• _WORK TO BE COMPLETED_: Keep to one stretch of the data below, the lines from the one with "Kolečko pro transportní" up to and including the one with "សេចក្តីជូនដំណឹង ស្តីពីការព្យាករអាកាសធាតុលើកទី១ សម្រាប់រដូវវស្សា", and return that stretch exactly.

——

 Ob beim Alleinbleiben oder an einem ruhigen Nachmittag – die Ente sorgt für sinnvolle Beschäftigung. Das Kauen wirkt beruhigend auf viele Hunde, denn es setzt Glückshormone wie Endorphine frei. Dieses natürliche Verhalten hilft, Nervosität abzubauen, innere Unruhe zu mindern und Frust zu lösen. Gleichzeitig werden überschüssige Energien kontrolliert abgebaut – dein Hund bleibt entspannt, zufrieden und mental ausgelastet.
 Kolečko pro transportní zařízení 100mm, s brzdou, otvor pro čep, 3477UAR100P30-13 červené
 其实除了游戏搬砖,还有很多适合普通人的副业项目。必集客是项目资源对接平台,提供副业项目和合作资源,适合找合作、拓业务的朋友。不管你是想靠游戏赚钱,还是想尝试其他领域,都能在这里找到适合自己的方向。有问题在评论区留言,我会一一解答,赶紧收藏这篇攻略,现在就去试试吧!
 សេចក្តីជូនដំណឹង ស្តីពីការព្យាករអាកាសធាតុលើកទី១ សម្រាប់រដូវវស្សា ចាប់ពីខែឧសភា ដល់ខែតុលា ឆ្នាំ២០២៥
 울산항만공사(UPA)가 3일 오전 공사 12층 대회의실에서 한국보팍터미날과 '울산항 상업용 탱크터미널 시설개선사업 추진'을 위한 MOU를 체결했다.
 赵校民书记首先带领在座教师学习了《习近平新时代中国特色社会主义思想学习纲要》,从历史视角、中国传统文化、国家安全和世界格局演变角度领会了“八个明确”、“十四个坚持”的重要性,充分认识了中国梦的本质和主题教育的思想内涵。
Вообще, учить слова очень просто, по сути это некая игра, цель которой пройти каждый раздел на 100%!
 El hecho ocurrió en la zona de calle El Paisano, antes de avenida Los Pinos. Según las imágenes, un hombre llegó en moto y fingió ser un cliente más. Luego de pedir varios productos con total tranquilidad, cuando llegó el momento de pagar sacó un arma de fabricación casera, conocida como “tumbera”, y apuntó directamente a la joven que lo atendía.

——

• _RESPONSE TO THE TASK_:
 Kolečko pro transportní zařízení 100mm, s brzdou, otvor pro čep, 3477UAR100P30-13 červené
 其实除了游戏搬砖,还有很多适合普通人的副业项目。必集客是项目资源对接平台,提供副业项目和合作资源,适合找合作、拓业务的朋友。不管你是想靠游戏赚钱,还是想尝试其他领域,都能在这里找到适合自己的方向。有问题在评论区留言,我会一一解答,赶紧收藏这篇攻略,现在就去试试吧!
 សេចក្តីជូនដំណឹង ស្តីពីការព្យាករអាកាសធាតុលើកទី១ សម្រាប់រដូវវស្សា ចាប់ពីខែឧសភា ដល់ខែតុលា ឆ្នាំ២០២៥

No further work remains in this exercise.